Multiple studies have addressed validation of cortical and subcortical motor mapping with DTI FT [3, 15, 22–24]. Berman et al. [22] used seed points identified during intraoperative stimulation mapping (ISM) to retrospectively map ipsilateral CST in 11 glioma patients using the preoperative imaging data after the surgery was complete. Though not used for surgery, they showed appropriate tracking to the central cerebral peduncle based on the seed points verified intraoperatively; however, there were some failures in tracking depending on the extent of pathologic alterations in or near the CST. Kamada et al. reported studies confirming CST mapping with subcortical [23] and cortical mapping [15]. The latter included 30 patients with lesions in proximity to the motor system, with central sulcus and sensorimotor cortex identified using DTI FT and verified with intraoperative cortical somatosensory evoked potential (SEP) measurements. Functional MRI or MEG identification of primary motor cortex failed in nine patients while DTI FT was successful in all.
Accuracy of CST localization with DTI FT compared with subcortical stimulation appears to be within 10 mm [3, 24, 25]. Berman et al. [3] reported a mean distance of 8.7 mm (±3.1 mm standard deviation) for 16 sites in 9 patients. Mikuni et al. [24] found consistent motor evoked potentials (MEP) at 7 mm or less and absent MEP over 13 mm when stimulating near the mapped CST fibers at the inferior aspect of the mass. Between 8 and 12 mm, stimulation near the mapped CST at the level of the corona radiata consistently elicited MEPs. Another study of 40 patients with masses within 2 cm of CST found MEPs elicited at less than 1 cm from mapped CST in 18 of 21, negative MEPs in 5 at stimulation points greater than 2 cm, and negative MEPs in 12 of 15 at 1–2 cm from mapped CST [26]. Motor function was ultimately preserved in all, improved in five cases with weakness prior to surgery, and two of the cases with negative MEP at 1–2 cm distance developed SMA syndrome , which subsequently resolved.
Other studies have also addressed impact on surgical plan and/or outcomes [16, 25, 27–31], in general with preserved or improved clinical function postoperatively. Bello et al. [27] reported high correlation of DTI FT for CST (and multiple language tracts) with intraoperative subcortical mapping (ISM). With low grade gliomas, fibers tracking through the neoplasm were often found. A combination of DTI FT and ISM decreased surgery time, patient fatigue and intraoperative seizure rate.

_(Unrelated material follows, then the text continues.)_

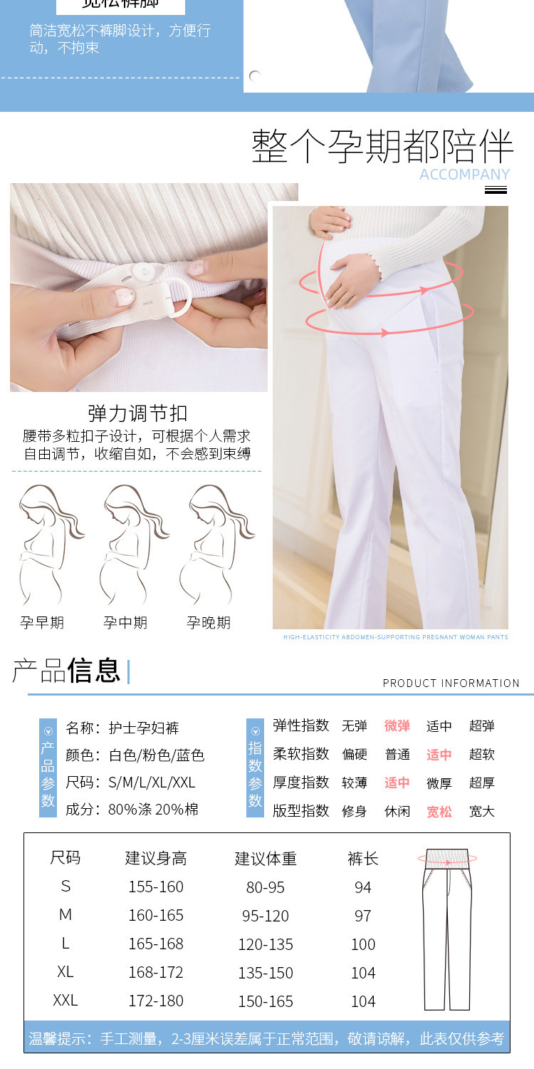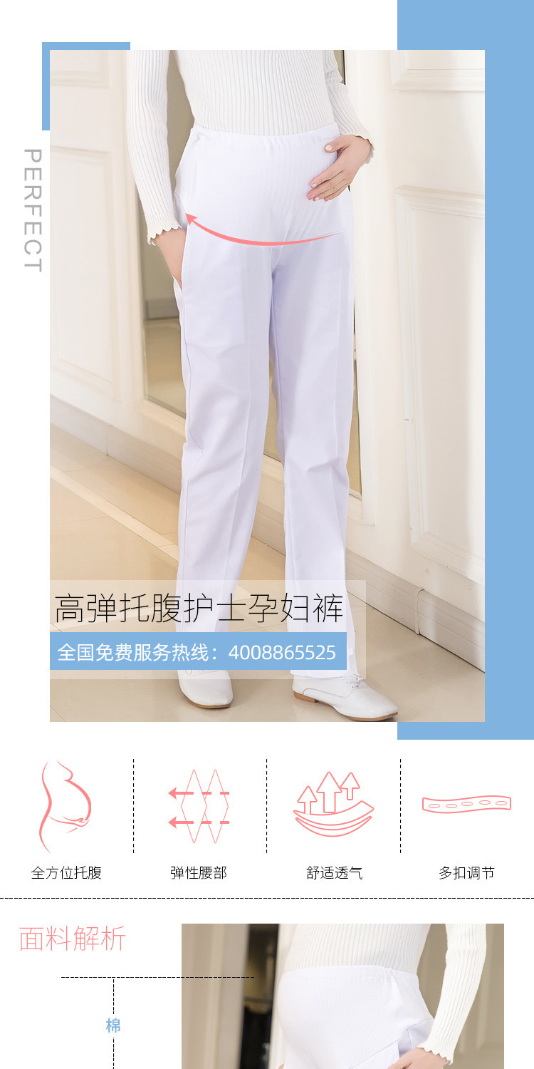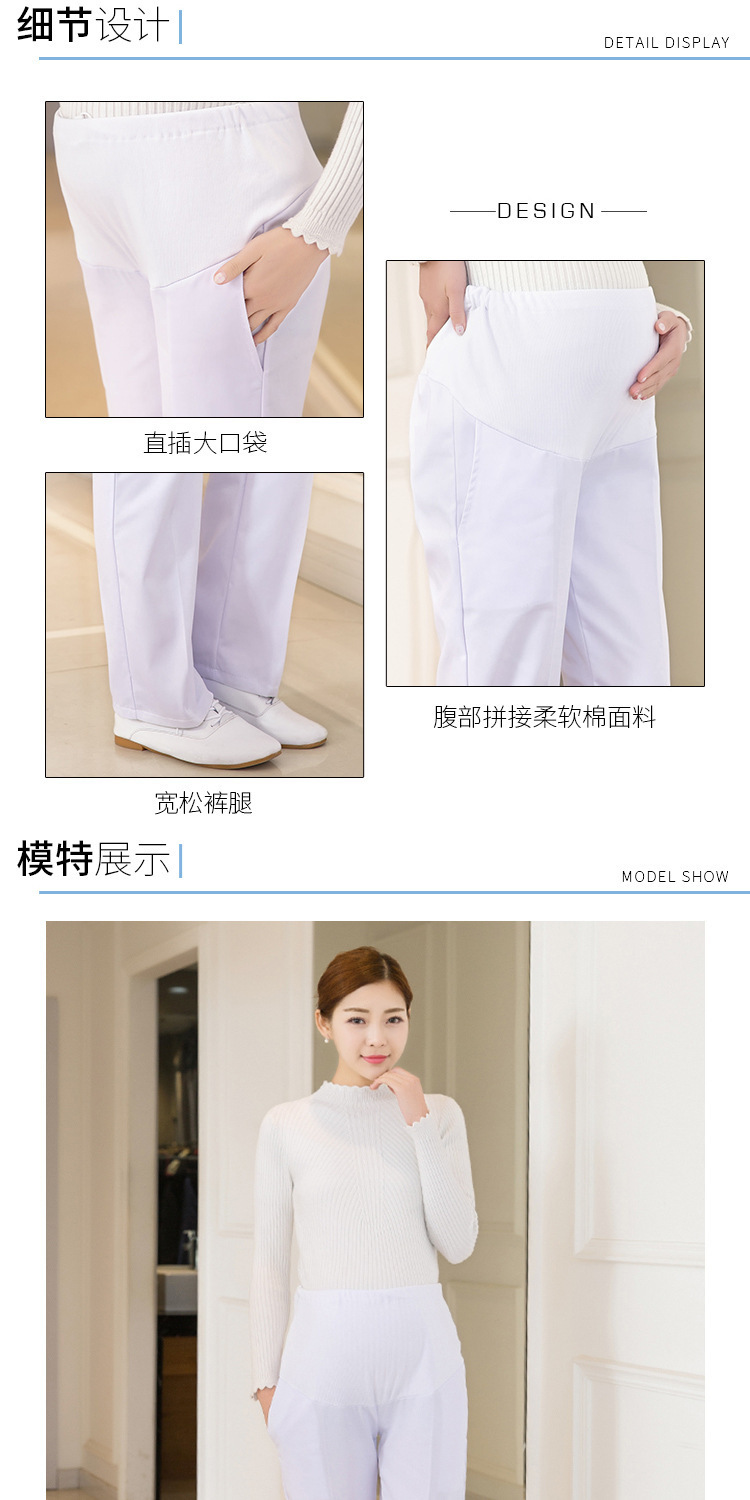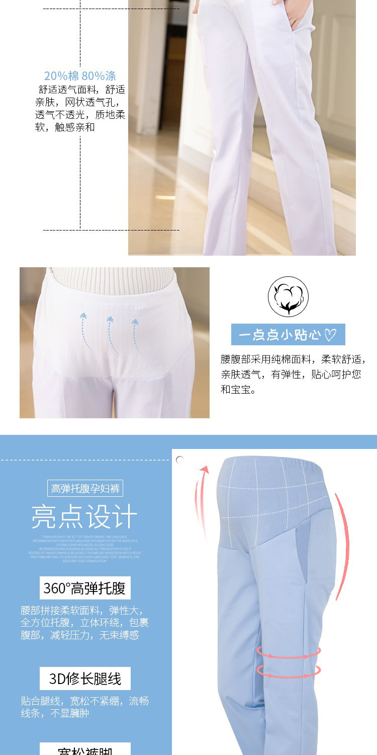 임산부 간호사 바지 조정 작업 바지 배꼽 흰색 파란색 플러스 사이즈 탄성 허리 관리 작업자 큰 배는 높은 탄성을 입을 수 있습니다스토어 가기

With increased extent of resection, postoperative deficits have been reported to increase transiently but with improvement over time [25, 32, 33]. The concept of a safety margin of about 5–10 mm has been introduced, but with careful intraoperative mapping this boundary may be minimized [32]. In a prospective randomized study by Wu et al. [30], 238 patients with suspected primary supratentorial glioma (214 ultimately proven gliomas) not previously treated and near the pyramidal tract with at least 1/5 motor strength were randomized to surgery with conventional neuronavigation versus neuronavigation with integrated DTI data. Only FA maps were used for intraoperative mapping, although in the later stages of the study tractography was added for preoperative planning and postoperative assessment (23 of the cases). Those in the neuronavigation plus DTI group were more likely to have complete resection of high grade tumors (74.4 % vs. 33.3 %), although low grade gliomas had similar extent of resection. Decline in motor function postoperatively was less likely overall (15.3 % versus 32.8 %) and 6 month Karnofsky scores were better (86 ± 20 vs. 74 ± 28). They also reported improved survival for high grade gliomas (21.2 months vs. 14.0 months).
Vision and Language
The optic radiations (OR) and in particular Meyer’s loop pose difficulties for DTI FT. Problems include not only the anatomy with tight turns, but location along medial temporal lobe where susceptibility-related artifacts can affect image quality with DTI sequences using EPI [34, 35]. Crossing fibers can create problems here as elsewhere. There are early reports using DTI FT to map visual pathways with integrity of OR on DTI FT linked to deficits pre- and/or postoperatively [29, 35–38], and intraoperative correlation also described in at least one case [36]; however, results remain preliminary and further validation is required and caution warranted in this setting [35].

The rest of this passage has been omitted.